The problem itself is easy, however the troublesome part is what to choose for the standard deviation of the sample. Here they use $\dfrac{1.93}{\sqrt{12}} $ which I can live with, until I encountered the second problem.
Problem 2
A tea company puts 20 teabags in one package. The weight of a teabag is normally distributed with $\mu = 5.3 \space g$ and $\sigma = 0.5 \space g.$
- Calculate the chance that a package weighs less than 100 grams.
Here I thought they'd also use $\dfrac{0.5}{\sqrt{20}}$, but instead they use $\sqrt{20} \times 0.5$.

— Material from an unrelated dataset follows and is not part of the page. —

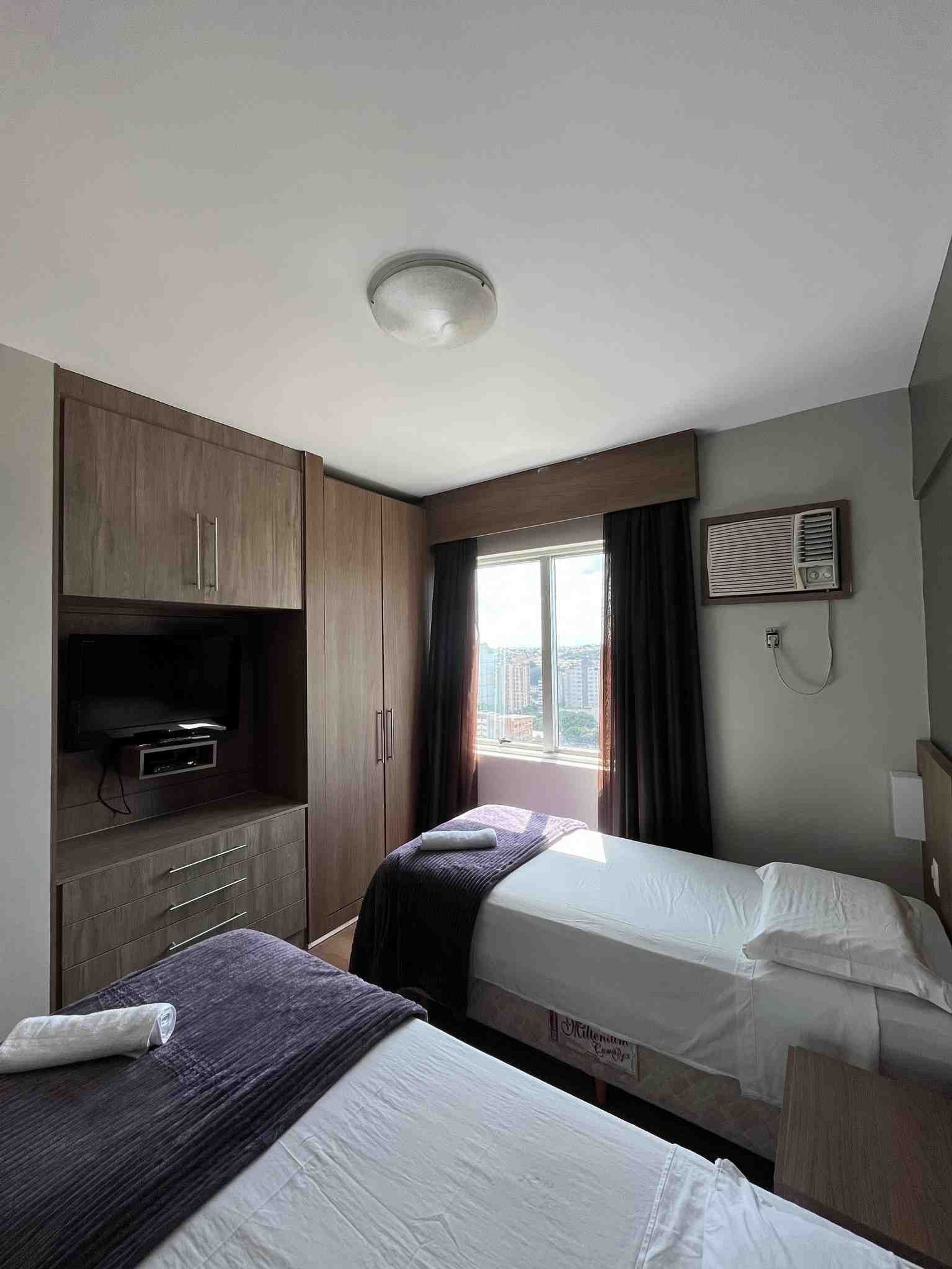 A primeira suíte possui uma cama box queen, uma mesa de cabeceira com luminária e armário com cabides e televisão. A segunda suíte possui duas camas de solteiro assim como o terceiro quarto, O apartamento oferece travesseiros, roupa de cama e banho, shampoo e sabonete. A sala de estar possui um sofá-cama em tecido para duas pessoas, e uma mesa de jantar para quatro pessoas. O outro ambiente é uma cozinha americana com armários, bancada com duas outras cadeiras, e está equipada com refrigerador tipo frigobar, forno de Micro-ondas de 20L, cooktop de duas bocas, sanduicheira inox grill, liquidificador, garrafa térmica com base de filtro para café e cafeteira elétrica. A cozinha possui também copos, taças, pratos rasos, pratos fundos, tigelas e talheres e xícaras. Estão disponíveis ferro, tábua de passar e produtos de limpeza.

Can someone clear up the confusion?
Best Answer
The sum standard deviation is, as the name suggests, the standard deviation of the sum of $n$ random variables. The standard error you're talking about is just another name for the standard deviation of the mean of $n$ random variables. As you noted, the two formulas are closely related; since the sum of $n$ random variables is $n$ times the mean of $n$ random variables, the standard deviation of the sum is also $n$ times the standard deviation of the mean:
$\sigma_{X_{sum}} = \sqrt n\sigma_X = n \times \frac{\sigma_X}{\sqrt n} = n\times \sigma_\bar{X}$.
In the first problem you are dealing with a mean, the average of twelve bottles, so you use the standard deviation of the mean, which is called standard error. In the second problem you are dealing with a sum, the total weight of 20 packages, so you use the standard deviation of the sum.
Summary: use standard error when dealing with the mean (averages); use sum standard deviation when dealing with the sum (totals).